=== What this task involves ===
Restate the listing word for word; omit the images.

=== Supplied material ===
Start of Block

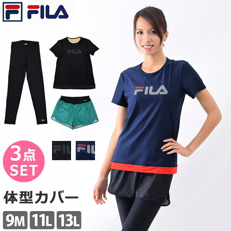 FILA(フィラ) 大きいサイズ セパレート 水着 3点セット レギンス付き ロゴ柄 フィットネス 水着 体型カバースポーツウェア 水陸両用 レディース [女性用] ヨガ ウェア 水着 ホットヨガ サップヨガ ショートパンツ付き ママ 水着 310231-0 15LL/17LL/19LL【送料無料】
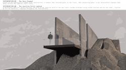 A walking trail, which follows the trace of the pre-existing railway, stitches existing fragments as well as new minimal interventions, reducing materials to those on site; rusted concrete plus cor-ten steel and glass, inspired by the industrial ruins on site.
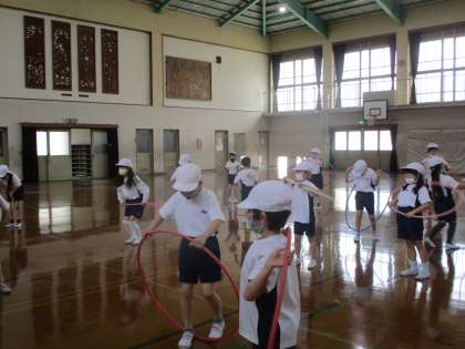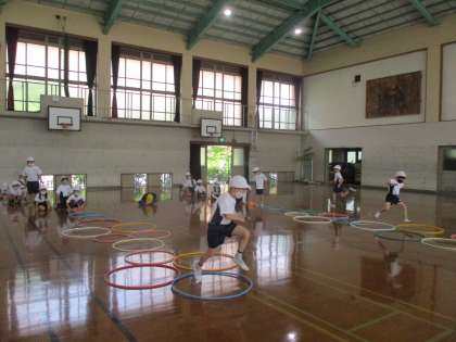 ようぐは フラフープ一つでしたが,まわすだけでなく,そこから,ケンケンパッやなわとびなどいろいろなあそびを することができました。
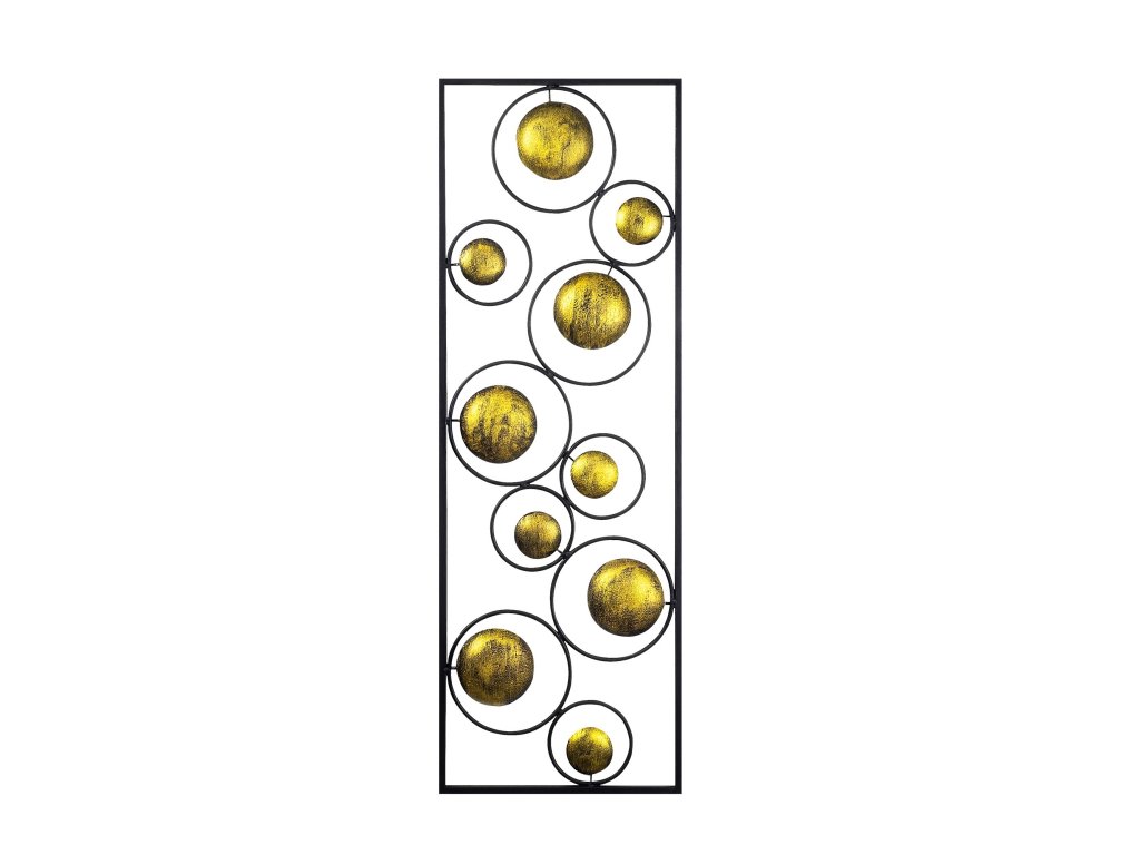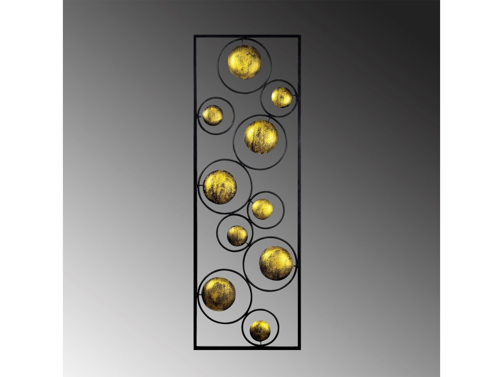 Ohraničený vesmír může být názvem této nástěnné dekorace, u které můžete s trochou fantazie vidět jednotlivé zlaté planety a jejich zlaté měsíce uzavřené v obdélníkovém rámu.

End of Block

=== Solution to the exercise ===
 FILA(フィラ) 大きいサイズ セパレート 水着 3点セット レギンス付き ロゴ柄 フィットネス 水着 体型カバースポーツウェア 水陸両用 レディース [女性用] ヨガ ウェア 水着 ホットヨガ サップヨガ ショートパンツ付き ママ 水着 310231-0 15LL/17LL/19LL【送料無料】
 A walking trail, which follows the trace of the pre-existing railway, stitches existing fragments as well as new minimal interventions, reducing materials to those on site; rusted concrete plus cor-ten steel and glass, inspired by the industrial ruins on site.
 ようぐは フラフープ一つでしたが,まわすだけでなく,そこから,ケンケンパッやなわとびなどいろいろなあそびを することができました。
 Ohraničený vesmír může být názvem této nástěnné dekorace, u které můžete s trochou fantazie vidět jednotlivé zlaté planety a jejich zlaté měsíce uzavřené v obdélníkovém rámu.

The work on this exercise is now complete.